Coq allows you to write intros without arguments, in which case it will automatically select names. We strongly recommend in this class to always give names, since it makes your proof easier to read and modify, as well as making it easier to read the context while you're developing a proof.

Lemma eq_add_O_2 n m :
  n = 0 -> m = 0 -> n + m = 0.
Proof.
  (** The goal is an implication, and we can "introduce" an hypothesis with the
  [intros] tactic - notice the effect on the goal *)
  intros Hn.

Goal diff

  n, m : nat
  Hn : n = 0 // [!code ++]
  ============================
  n = 0 -> m = 0 -> n + m = 0 // [!code --]
  m = 0 -> n + m = 0 // [!code ++]

  intros Hm.

rewrite is another fundamental proof technique

  rewrite Hn.

Goal diff

  n, m : nat
  Hn : n = 0
  Hm : m = 0
  ============================
  n + m = 0 // [!code --]
  0 + m = 0 // [!code ++]

  rewrite Hm.
  simpl.
  reflexivity.
Qed.

This lemma is a proof of a disequality, a "not equals". Even this isn't built-in to Coq but built from simpler primitives.

Lemma neq_succ_0 n :
  S n <> 0.
Proof.
  (* Wade through the sea of notation *)
  Locate "<>".

Output

Notation "x <> y  :> T" := (not (eq x y)) : type_scope
  (default interpretation)
Notation "x <> y" := (not (eq x y)) : type_scope (default interpretation)

  Locate "~".

Output

Notation "~ x" := (not x) : type_scope (default interpretation)

  Print not.

Output

not = fun A : Prop => A -> False
     : Prop -> Prop

Arguments not A%type_scope

  (** We see that [a <> b] is notation for [not (a = b)], which is by definition
  [a = b -> False]. *)

  unfold not.

  (** Since our goal is an implication, we use [intros]: *)
  intros Hn.

  (** It is impossible for [S ...] to be equal to [0], we can thus derive
  anything, including [False], which is otherwise never provable. The
  [discriminate] tactic looks for an impossible equality and solves any goal by
  contradiction. *)
  discriminate.
Qed.

Lemma succ_pred n : n <> 0 -> n = S (Nat.pred n).
Proof.
  intros Hn.
  destruct (O_or_succ n) as [H0|HS].
  - unfold not in Hn.
    (* There are a few different ways to proceed. Here's one: *)
    exfalso. (* [exfalso] encodes the strategy of proving [False] from the
    current hypotheses, from which the original conclusion follows (regardless
    of what it is). *)
    apply Hn.
    assumption.
  - assumption.
Qed.

Here's a toy example to illustrate what using and proving with AND looks like.

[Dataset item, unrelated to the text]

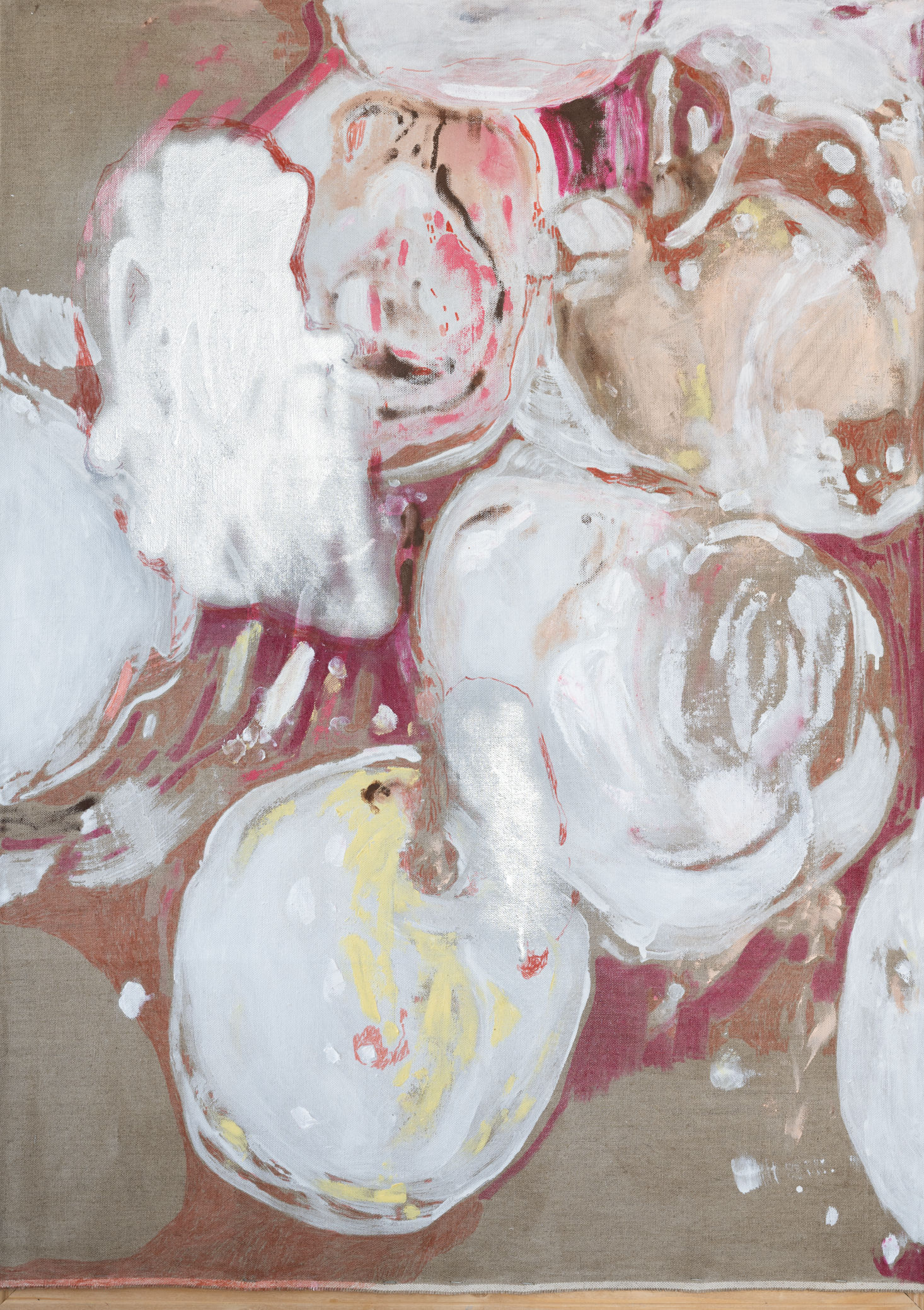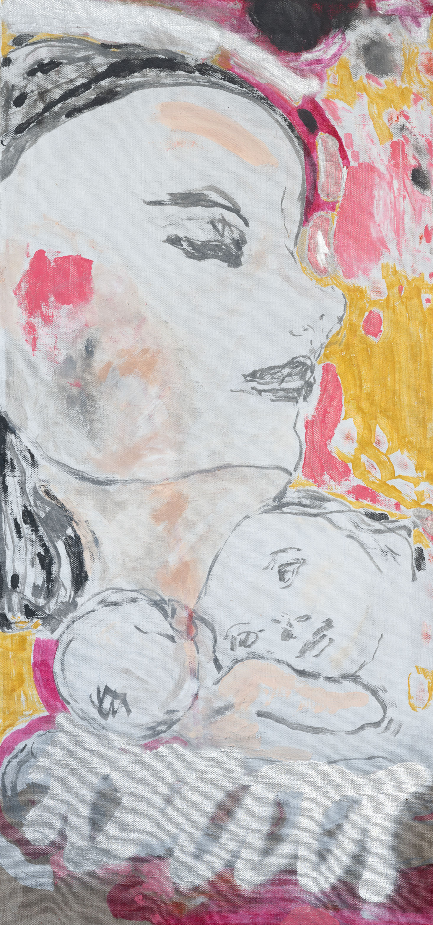 Sophie Scholls Zeichnungen erzählen von Kindheit, von Peter Pan, Wendy und den „lost boys“, von „Neverland“. Themen wie Verletzlichkeit, Schutz und Liebe, aber auch Aggression, Schmerz und Tod werden von ihr künstlerisch beleuchtet. Diese Motive Scholls sind in meiner hier zu sehenden Malerei und der einen Zeichnung von mir malerisch interpretiert, changierend zwischen expressiver Abstraktion und poetischer Gegenständlichkeit.

Lemma and_or_example (P Q: Prop) :
  (P /\ Q) \/ (Q /\ P) -> P /\ Q.
Proof.
  intros H.
  destruct H as [H | H].
  - assumption.
  - destruct H as [HQ HP].
    split.
    + assumption.
    + assumption.
Qed.

Lemma add_O_iff n m :
  (n = 0 /\ m = 0) <-> n + m = 0.
Proof.
  Locate "<->".

Output

Notation "A <-> B" := (iff A B) : type_scope (default interpretation)

  unfold iff.
  split.
  - intros [Hn Hm].
    subst.
    reflexivity.
  - intros H.
    destruct n as [|n].
    + rewrite add_0_l in H.
      split.
      { reflexivity. }
      assumption.
    + simpl in H.
      (* in the rest of this class, more commonly [congruence] *)
      discriminate.
Qed.

You can see the use of bullets - and + to structure the proof above. You can also use { ... } (used once above), which are often preferred if the proof of the first subgoal is small compared to the rest of the proof (such as the single-line { reflexivity. } above).

Lemma add_comm n1 n2 :
  n1 + n2 = n2 + n1.
Proof.
  induction n1 as [|n1 IHn].
  - simpl.

An important part of your job in constructing both the informal and formal proof is to think about how previously proven (by you or someone else) lemmas might help you. In this case we did this part of the proof above.

    rewrite add_0_r.
    reflexivity.
  - simpl.

Goal

  n1, n2 : nat
  IHn : n1 + n2 = n2 + n1
  ============================
  S (n1 + n2) = n2 + S n1

Exercise: what lemma to prove?

Abort.

Think before looking ahead.

Lemma add_succ_r n1 n2 :
  n1 + S n2 = S (n1 + n2).
Proof.
  induction n1 as [|n1 IH].
  - simpl. reflexivity.
  - simpl. rewrite IH. reflexivity.
Qed.

Lemma add_comm n1 n2 :
  n1 + n2 = n2 + n1.
Proof.
  induction n1 as [|n1 IHn].
  - simpl.

    rewrite add_0_r.
    reflexivity.
  - simpl.
    rewrite add_succ_r. (* now go use the lemma we factored out *)
    rewrite IHn.
    reflexivity.
Qed.

End MoreNatProofs.